Slate: Mooallem: The national pastime’s shocking death toll

I usually get my baseball death totals from The Daly Reader.

Death at the Ballpark: A Comprehensive Study of Game-Related Fatalities, 1862-2007 is an impeccably sourced compendium of the men, women, and children who have died or been fatally injured while playing, officiating, or watching baseball in the United States. Its authors, Robert M. Gorman and David Weeks, two librarians and baseball historians at Winthrop University in South Carolina, have spent the last eight years scouring local-newspaper archives (sample search terms: “baseball and death” and “baseball and killed”) for examples, in some cases going so far as to track down death certificates to confirm their results.
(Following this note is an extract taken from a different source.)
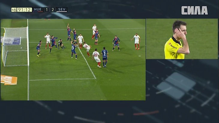 "VAR...отменен гол. Офсайд. Да-да, офсайд. Я был прав. Знаете, смутился ненадолго, потому что...ну, бывает такое, когда не самое очевидное здесь вступило правило футбольное. Ну опять же для тех, кто не понимает, когда вратарь выходит, то судится по вратарю. И Мунир был ЗА линией вратаря в момент гола".

Given the fetish for statistics in baseball, it was probably inevitable that someone would get around to recording this, too: the number of people baseball has rendered incapable of generating more statistics. Gorman told me he was drawn into this morbid line of research after stumbling across the death of a minor leaguer named Herb Gorman. (“He had my last name. It kind of piqued my interest.”) Neither Gorman nor Weeks had ever really thought about baseball as a deadly activity before, and, Gorman told me, after publishing two preliminary articles—one on beaning fatalities and another on fan fatalities at major league stadiums—“we thought maybe we’d exhausted whatever was out there.” They were very wrong. They chronicled 850 baseball deaths in Death at the Ballpark, spanning professional, amateur, Little League, and even backyard pickup games. And though the book purports to be comprehensive, readers have already tipped them off to about 50 incidents they missed.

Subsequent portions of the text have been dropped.